The Washington Post reports that the National Guard has been commissioned to hand out water to residents of Flint, MI after the city has been in a state of emergency over its tainted water.
It is suspected that the city of almost 100,000 has been using water contaminated with lead as early as February 2015. There’s also evidence showing that the state was aware of the water crisis long before it declared a state of emergency and made its residents aware of the issue.
The town is known for its largely Black and disenfranchised population; many feel that the water crisis is only another example of the local government’s disregard for residents’ health and livelihood:
For Gladyes Williamson, 61, a former worker at the Buick engine plant in Flint, apologies, free water and promises are meaningless. She, like many people in this city with a well-documented history of chronic unemployment and blight, says she believes they are the collateral damage of a coverup. She stood outside city hall Monday lugging a jug half-filled with orange water she says has been flowing out of her tap all summer.

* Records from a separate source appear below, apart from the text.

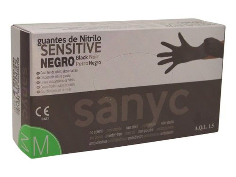 Luva de nitrilo preta sensível (M) (100)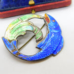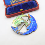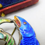 Sterling Silver & Enamel Leaping Salmon Brooch 1946 Birmingham AH Darby & Son
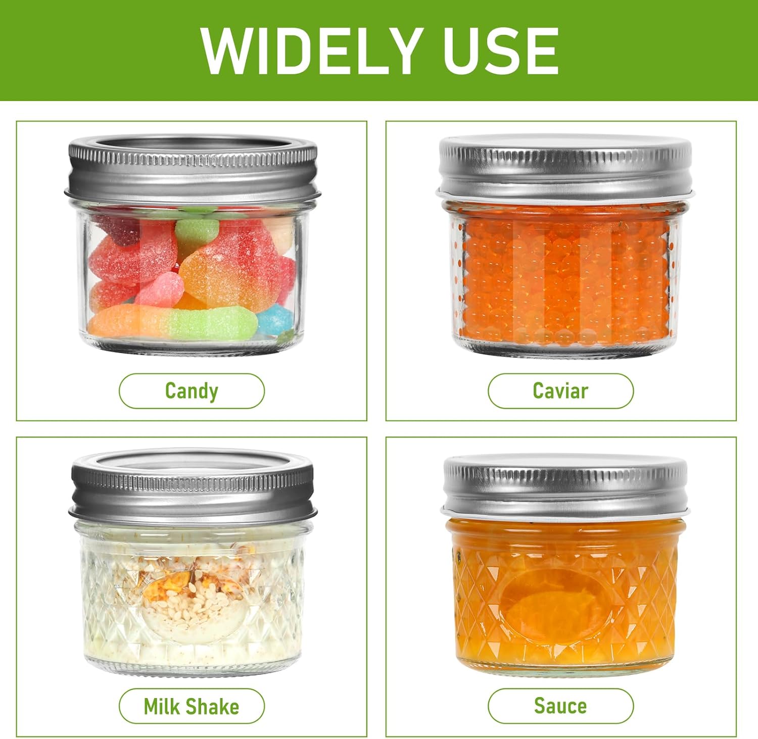 - PORTABLE MINI CANNING JARS: The mini canning jars are convenient to carry. You can pack jam and juice into 4oz small mason jar for easy portability. Perfect to put in a bento box, backpack and to take to a picnic or going out.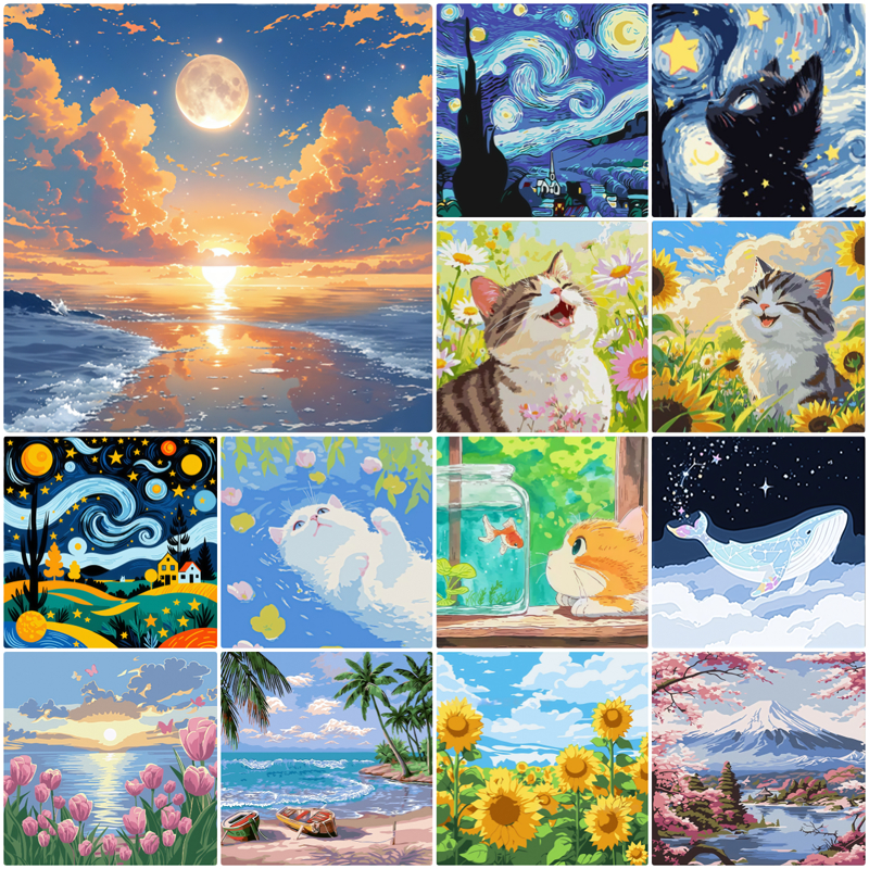 ระบายสีตามตัวเลข 20*20 ซม. รวมสีและพู่กัน ภาพวาดอะคริลิค ภาพวาดสีน้ํามัน ดิจิตอล ของขวัญ ทําเอง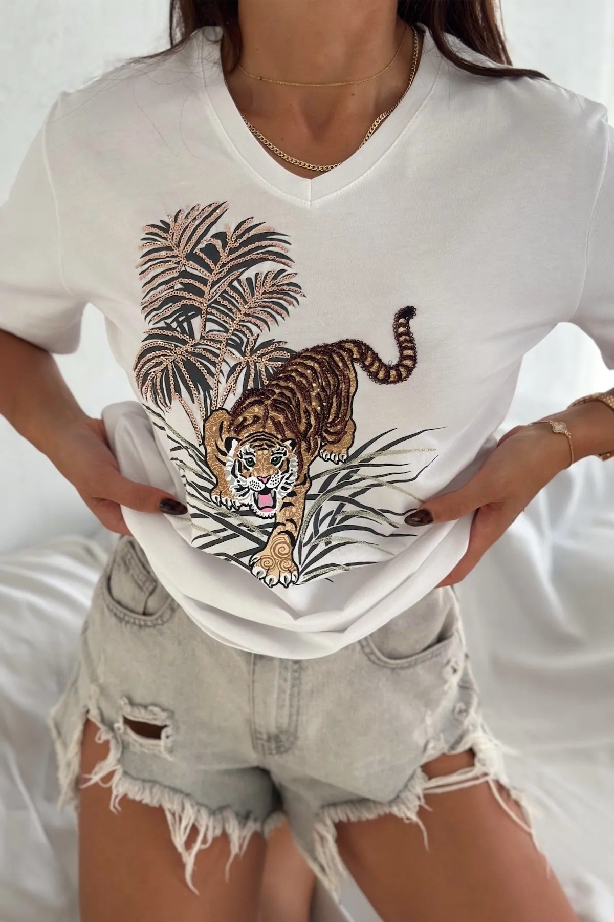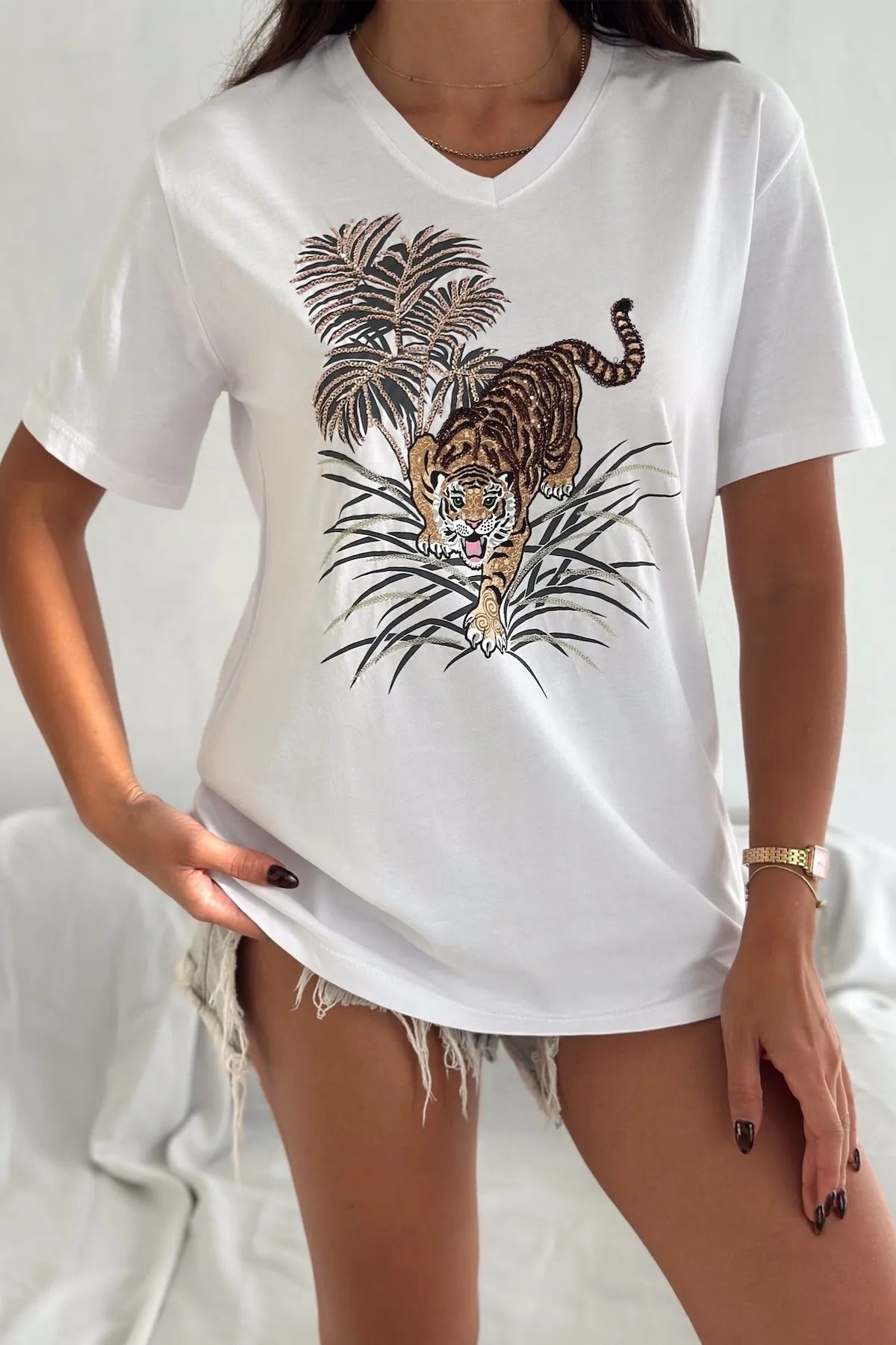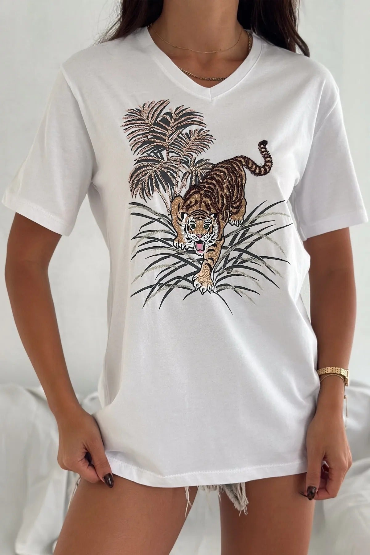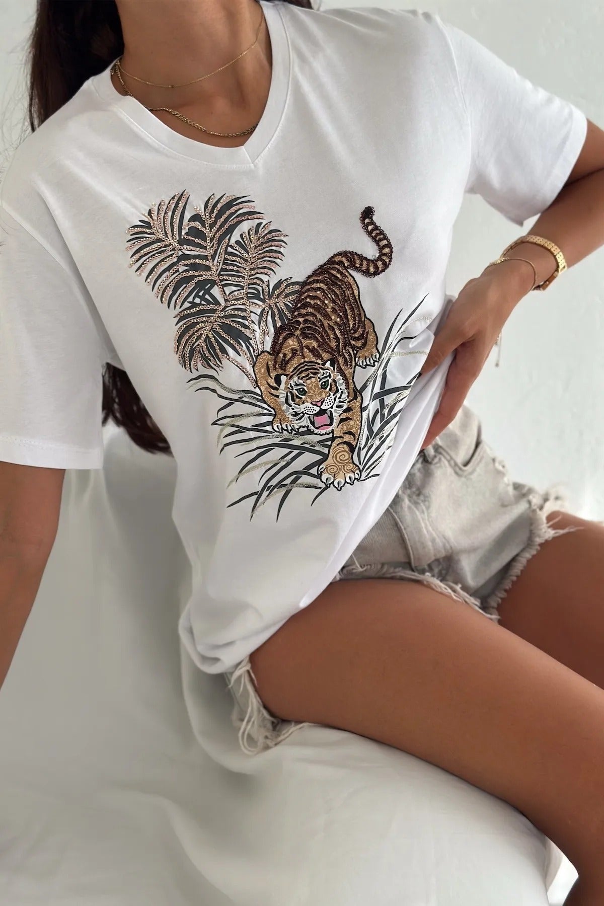 - Zahmetsizce Şık: Klasik beyaz tişört, göz alıcı detaylarla farklı bir görünüme kavuşturularak eşsiz bir temel parça haline getirildi.

“We are expendable,” she says.
The US Department of Justice and the Environmental Protection Agency is looking into the scandal, and a top official of Michigan’s Environmental Quality Department has stepped down from his role. The agency has also reverted the area’s water supply.
However, local children have already displayed signs of lead poisoning, a condition that can have irreparable damage on their physical and mental health. Residents are also frustrated by the hassle they’ve now been tasked with in using and gaining access to such a limited supply of safe water for daily life, as it has complicated simple activities like having meals, showering and commuting to work.
Marc Edwards, a national expert on water quality from Virginia Tech that has been testing the city’s water says that fixing the corrosion in the city’s water system could cost Flint as much as $20 to $200 million while building a new system all together could cost as much as $1.5 billion.